→ **AVAILABLE DATA**:
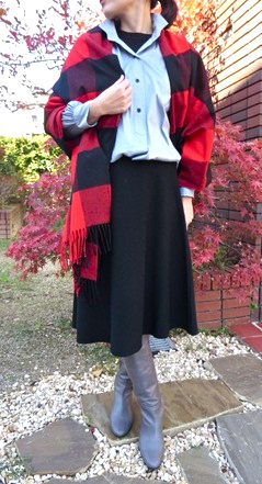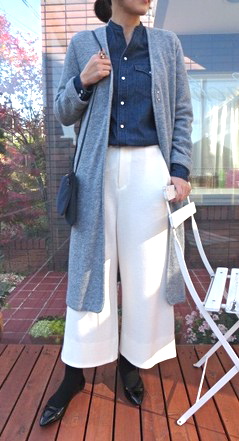 ブルーグレーのシャツを使ったコーディネートをしてみました。インナーに薄手のニットを着れば、シャツをメインにコーディネートを楽しめます。ポイント使いとして赤のストールを羽織れば、防寒としても〇。パンツコーデには、ニットカーディガンのインナーとして着用。黒の釦もアクセントになりますね。
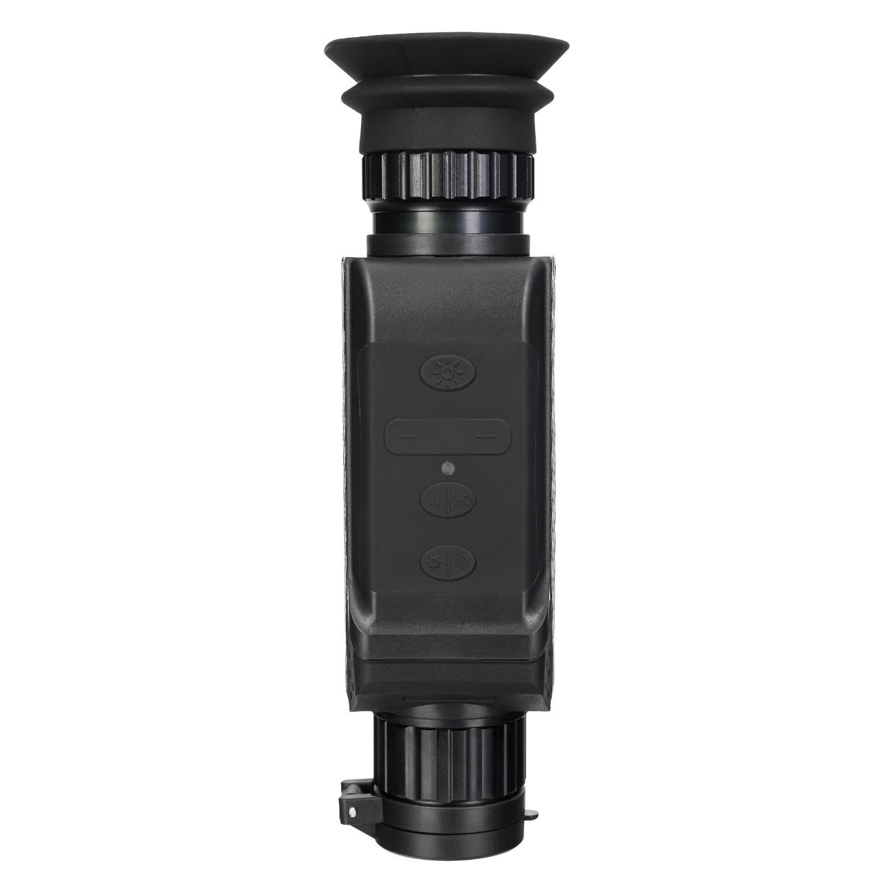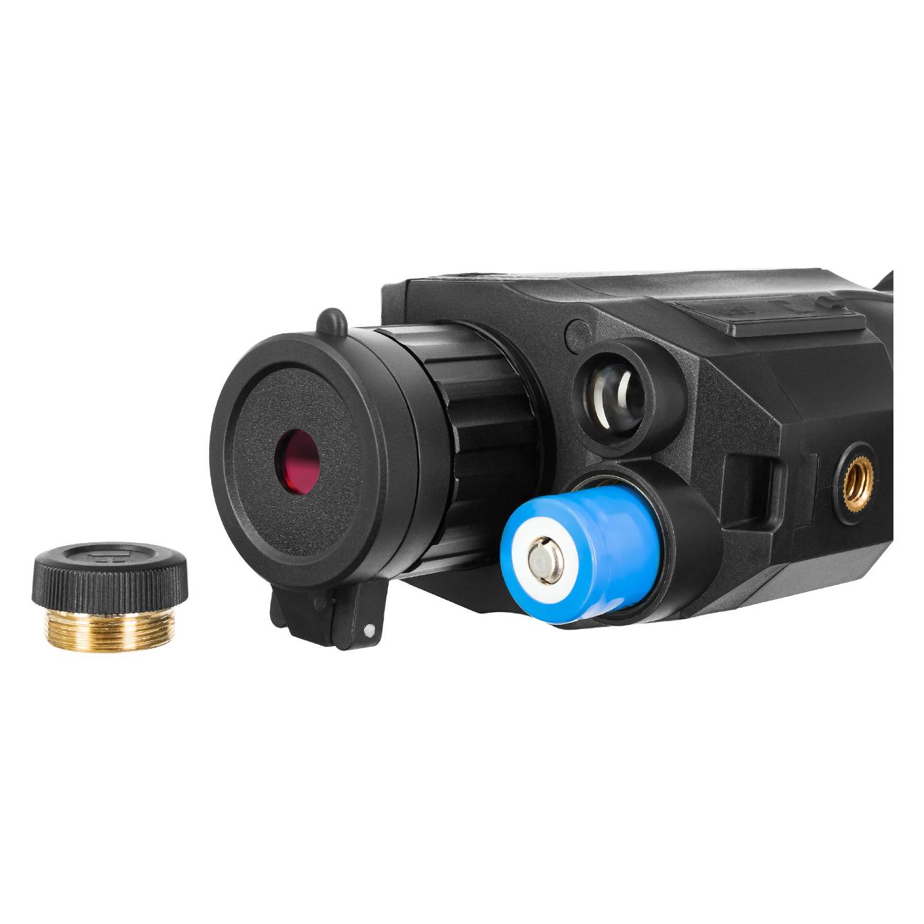 Аппарат подходит для дневного и ночного применения. Прибор оснащается встроенным видеорекордером. Предустанавливается линза выпуклого типа для увеличений картинки. Устройство снабжено ИК-подсветкой.
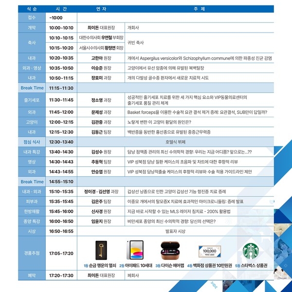 이어 정소영 과장이 ‘성공적인 줄기세포 치료를 위한 세 가지 핵심 요소와 VIP동물의료센터의 줄기세포 품질관리 체계’를, 문제성 과장이 ‘Basket forceps를 이용한 수술적 요관 결석 제거 증례’를, 김관중 과장이 ‘노랗게 변한 이 고양이 황달의 원인은?’을 설명하고, 김동근 팀장이 ‘백반증을 동반한 흉선종으로 유발된 중증근무력증’을 강의한다.
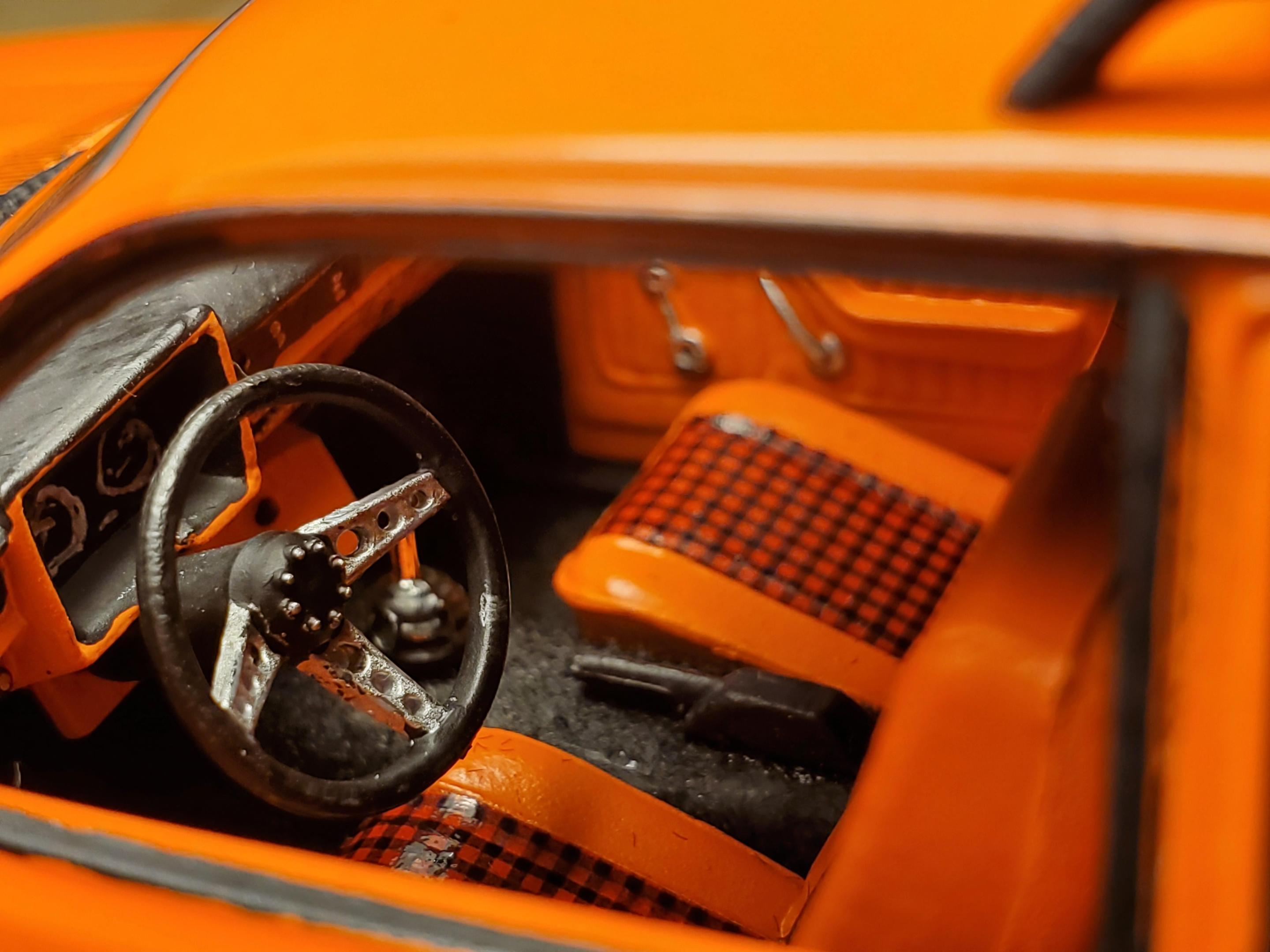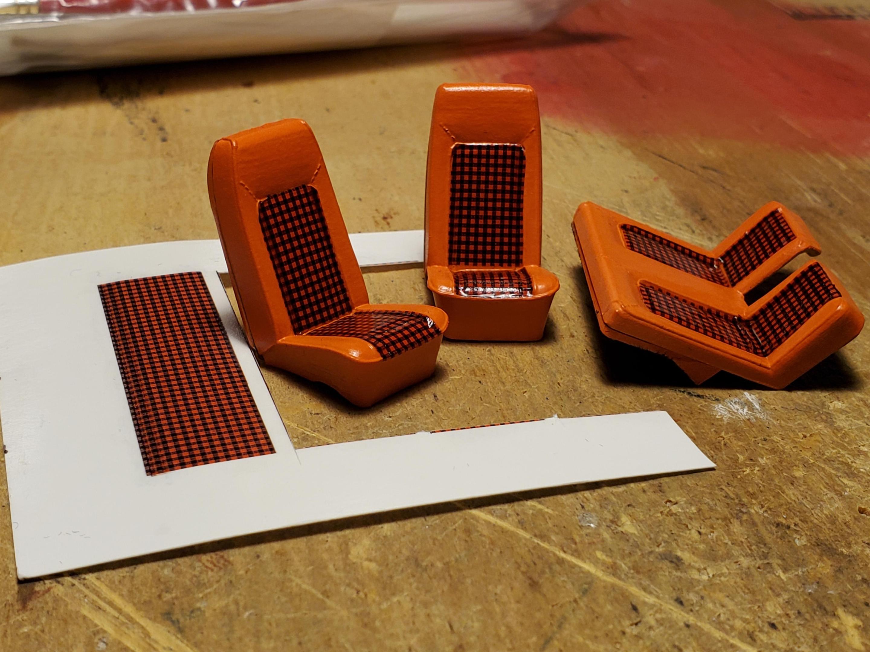 I started a build thread on this car way back in 2016. Well, I painted it and put it back in the box. Got out of models for a short period of time while my job got busy. Last year I finished it. I made my own seat decals, used a M.A.D. distributor for a 4cyl and that's really about it. Paint is rattle can lacquer mixed at the auto body supply store right before they stopped doing lacquer forever. Cleared with Tamiya clear and polished out. I later added a license plate but I don't have a pic of it with it. Here's a pic of my seat decals. I went on the internet and googled orange plaid and found this. Copy and pasted a bunch of them together in the size I liked, and cut them out/trimmed them to fit.

→ **TASK ITEM**:
Exact repeats of the lines from the first one in the data through the line containing "Аппарат подходит для" make up the answer. Pictures do not.

→ **WRITTEN SOLUTION**:
 ブルーグレーのシャツを使ったコーディネートをしてみました。インナーに薄手のニットを着れば、シャツをメインにコーディネートを楽しめます。ポイント使いとして赤のストールを羽織れば、防寒としても〇。パンツコーデには、ニットカーディガンのインナーとして着用。黒の釦もアクセントになりますね。
 Аппарат подходит для дневного и ночного применения. Прибор оснащается встроенным видеорекордером. Предустанавливается линза выпуклого типа для увеличений картинки. Устройство снабжено ИК-подсветкой.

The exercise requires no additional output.